Tuesday, January 31, 2012
Now available on the Courts Law section of JOTWELL is an essay by Prof. Jay Tidmarsh (Notre Dame) entitled Access to Courts and the Democratic Order. It reviews a recent article by Prof. Judith Resnik (Yale), Fairness in Numbers: A Comment on AT&T v. Concepcion, Wal-Mart v. Dukes, and Turner v. Rogers, 125 Harv. L. Rev. 78 (2011), covered earlier here.
Thursday, January 26, 2012
Today the Second Circuit issued its much-anticipated opinion in the Chevron-Ecuador litigation. The opinion in Chevron v.
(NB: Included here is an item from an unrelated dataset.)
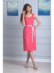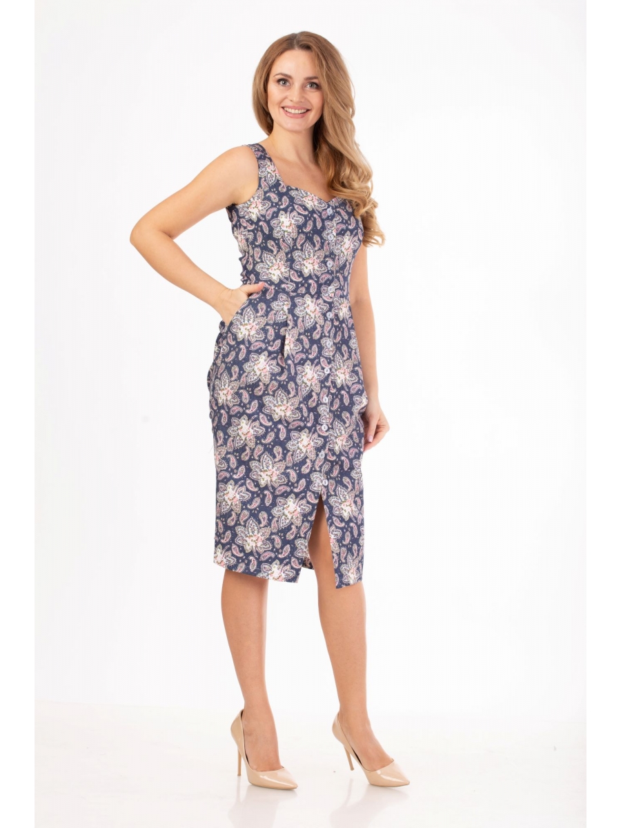 Летний сарафан из принтованной хлопковой ткани станет любимым в вашем гардеробе! Прилегающий силуэт, не сковывает движения за счёт добавления эластичных волокон в состав ткани, актуальная длина ниже колена подчеркнет вашу женственность. Перед отрезной по линии талии, с вытачками, боковыми карманами и складками по талии, по спинке обработаны вытачки. Сарафан имеет центральную застёжку на петли и пуговицы. В комплекте прилагается пояс. Отличный вариант для повседневной носки, в котором вы будет чувствовать себя очень комфортно и выглядеть неотразимо!

Naranjo explains the Second Circuit’s earlier order (2011 WL 4375022), which had reversed a district court injunction (768 F.Supp.2d 581) that would have blocked the enforcement of an Ecuadorean court’s multi-billion dollar judgment against Chevron.
Allison Frankel has coverage of the opinion at Thomson Reuters News & Insight.
Fifth Circuit Reverses District Court’s Denial of Motion to Intervene in Case Involving Red Light Camera System
In City of Houston v. American Traffic Solutions, Inc., available here, Houston had passed an ordinance approving the use of red light cameras, and contracted with ATS to run the system, thus generating millions in fees for both of them. Francis and Randall Kubosh then organized a petition drive, spending over $200,000 of their personal funds, to force Houston to cease using this system. The requisite signatures were obtained, and the issue was placed on the ballot, and the voters repudiated the system (over Houston’s vigorous opposition). Houston then terminated ATS’ contract and sued it in federal court, seeking a declaration of rights between ATS and itself over the contract’s status. ATS counterclaimed, alleging that the election was invalid, ultra vires, and unconstitutional. By mutual agreement of Houston and ATS, the district court ordered that the red light cameras were not to be removed from city intersections during the litigation.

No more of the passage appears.